> [ASSIGNED TASK] Please give back the listing exactly, without any of its pictures.
--- INFORMATION PROVIDED Enclosed Below ---
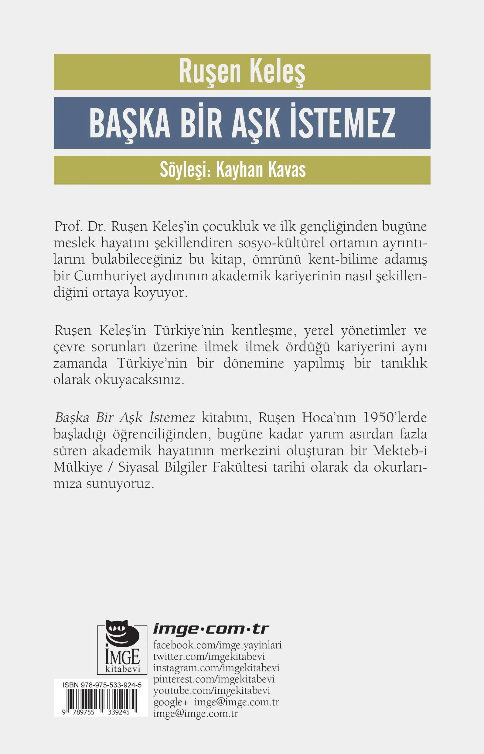 Başka Bir Aşk İstemez kitabını, Ruşen Hoca'nın 1950'lerde başladığı öğrenciliğinden, bugüne kadar yarım asırdan fazla süren akademik hayatının merkezini oluşturan bir Mekteb-i Mülkiye / Siyasal Bilgiler Fakültesi tarihi olarak da okurlarımıza sunuyoruz.
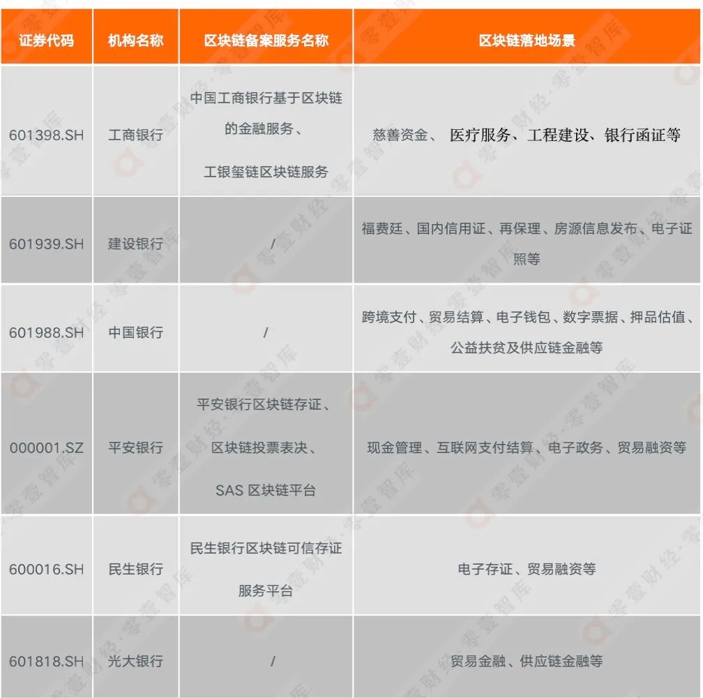為了解上市公司區(qū)塊鏈業(yè)務(wù)的開展路徑,零壹智庫分別從211家區(qū)塊鏈相關(guān)上市公司中選取了銀行、證券公司及其他領(lǐng)域10家代表性上市公司,對其區(qū)塊鏈業(yè)務(wù)開展方式、落地領(lǐng)域等進行了分析。
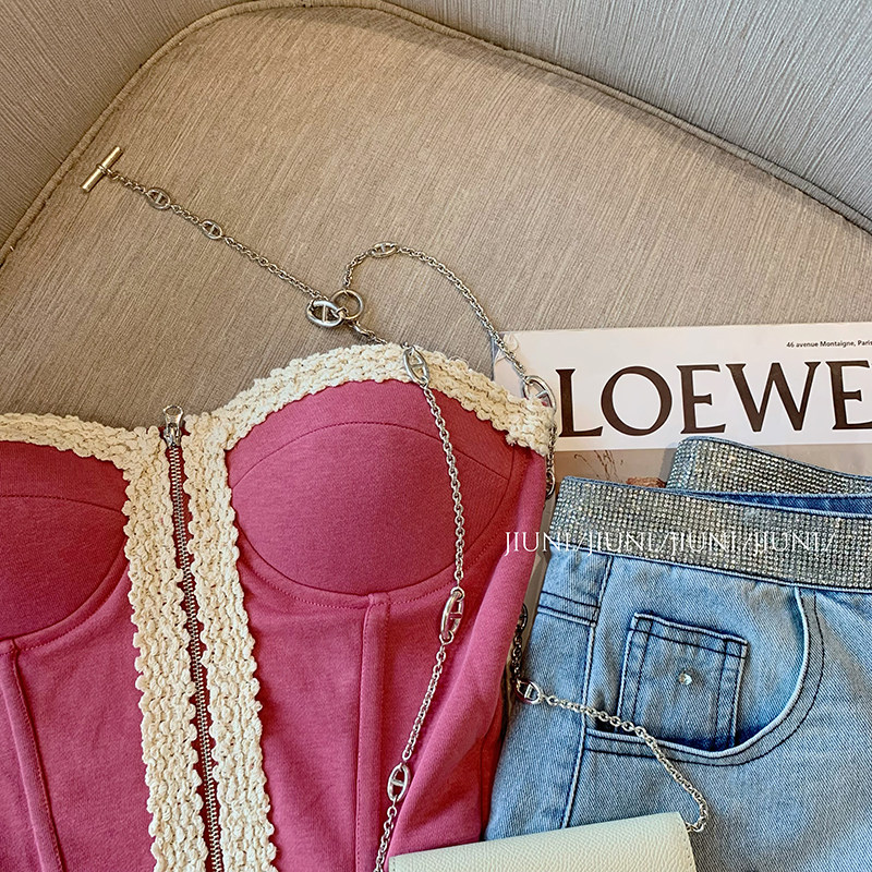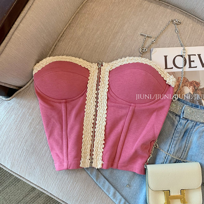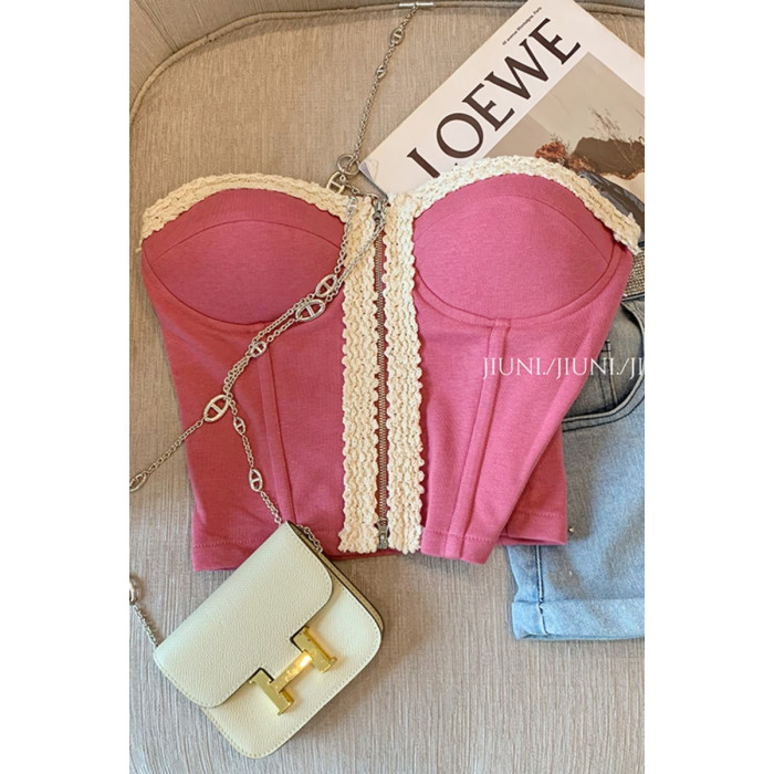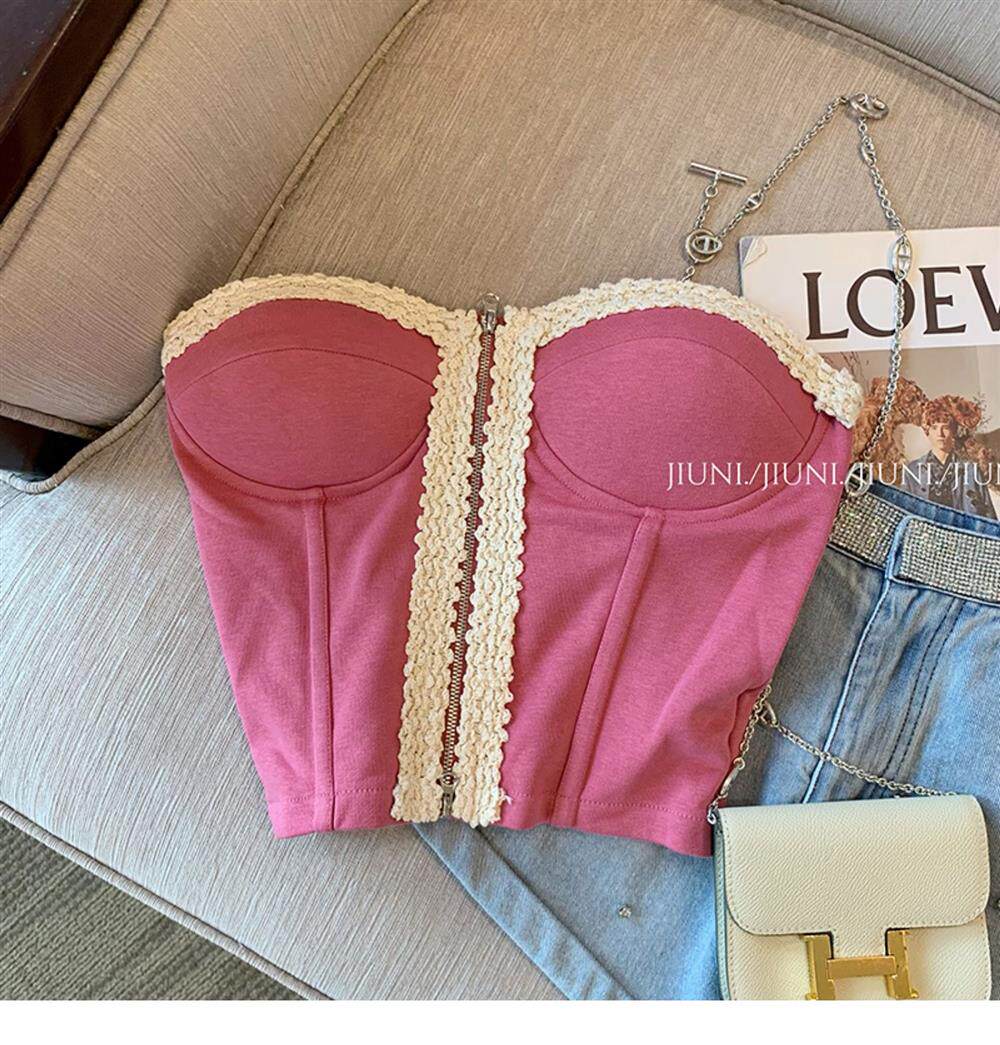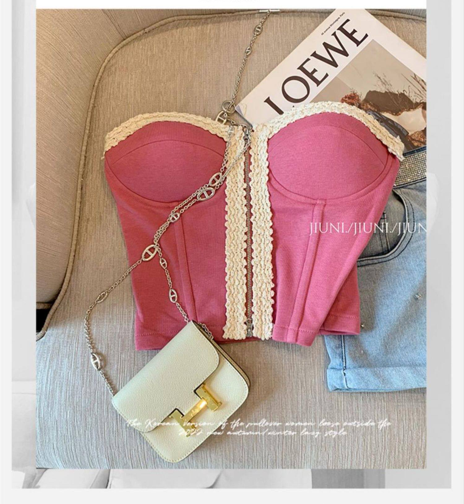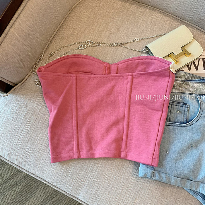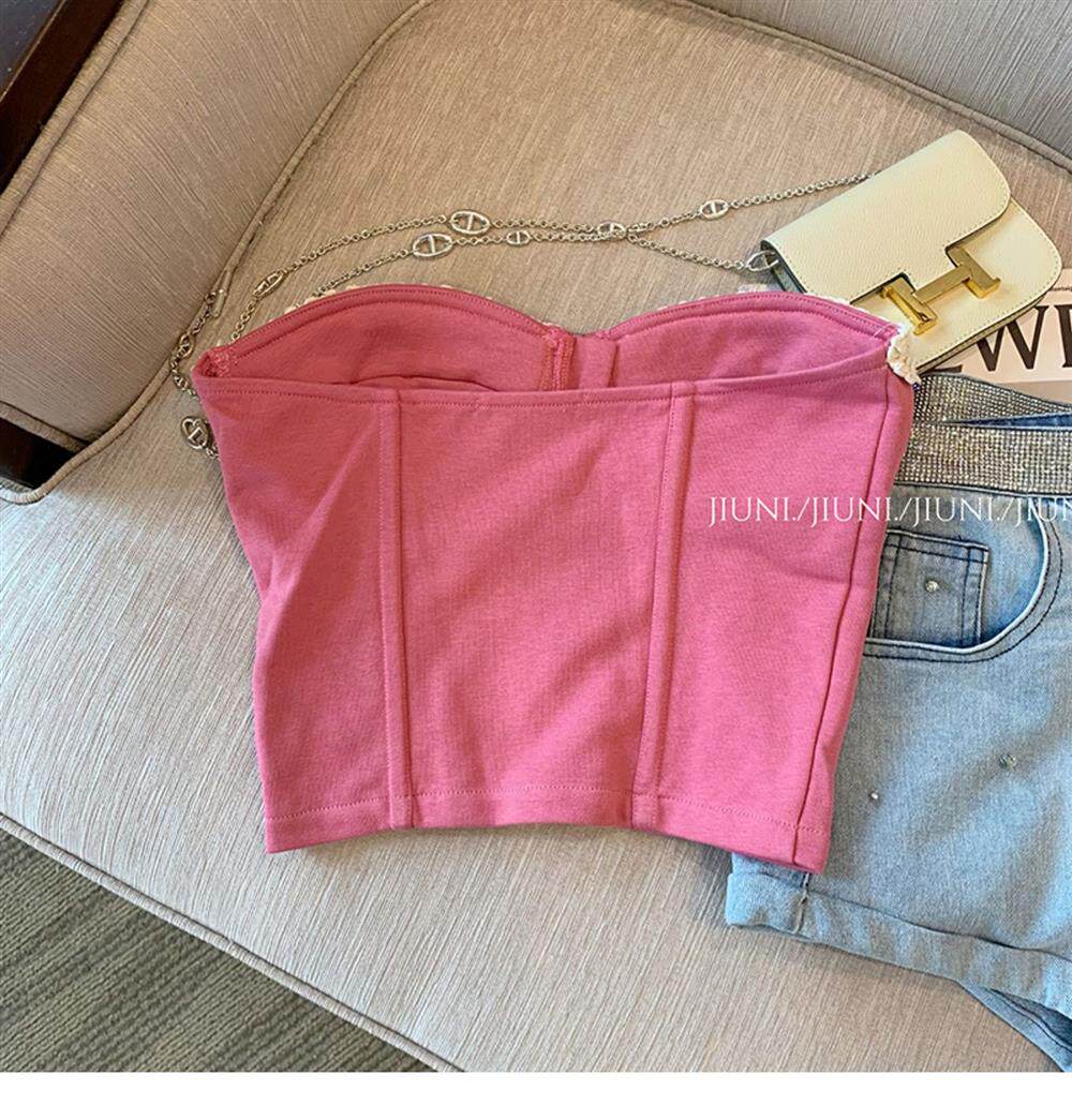 專櫃撤廻剪標玫粉色魚骨抹胸上衣女外穿2025新款氣質甜辣顯瘦吊帶
--- End of Enclosed INFORMATION PROVIDED ---
> [ANSWER BOX]
 Başka Bir Aşk İstemez kitabını, Ruşen Hoca'nın 1950'lerde başladığı öğrenciliğinden, bugüne kadar yarım asırdan fazla süren akademik hayatının merkezini oluşturan bir Mekteb-i Mülkiye / Siyasal Bilgiler Fakültesi tarihi olarak da okurlarımıza sunuyoruz.
為了解上市公司區(qū)塊鏈業(yè)務(wù)的開展路徑,零壹智庫分別從211家區(qū)塊鏈相關(guān)上市公司中選取了銀行、證券公司及其他領(lǐng)域10家代表性上市公司,對其區(qū)塊鏈業(yè)務(wù)開展方式、落地領(lǐng)域等進行了分析。
 專櫃撤廻剪標玫粉色魚骨抹胸上衣女外穿2025新款氣質甜辣顯瘦吊帶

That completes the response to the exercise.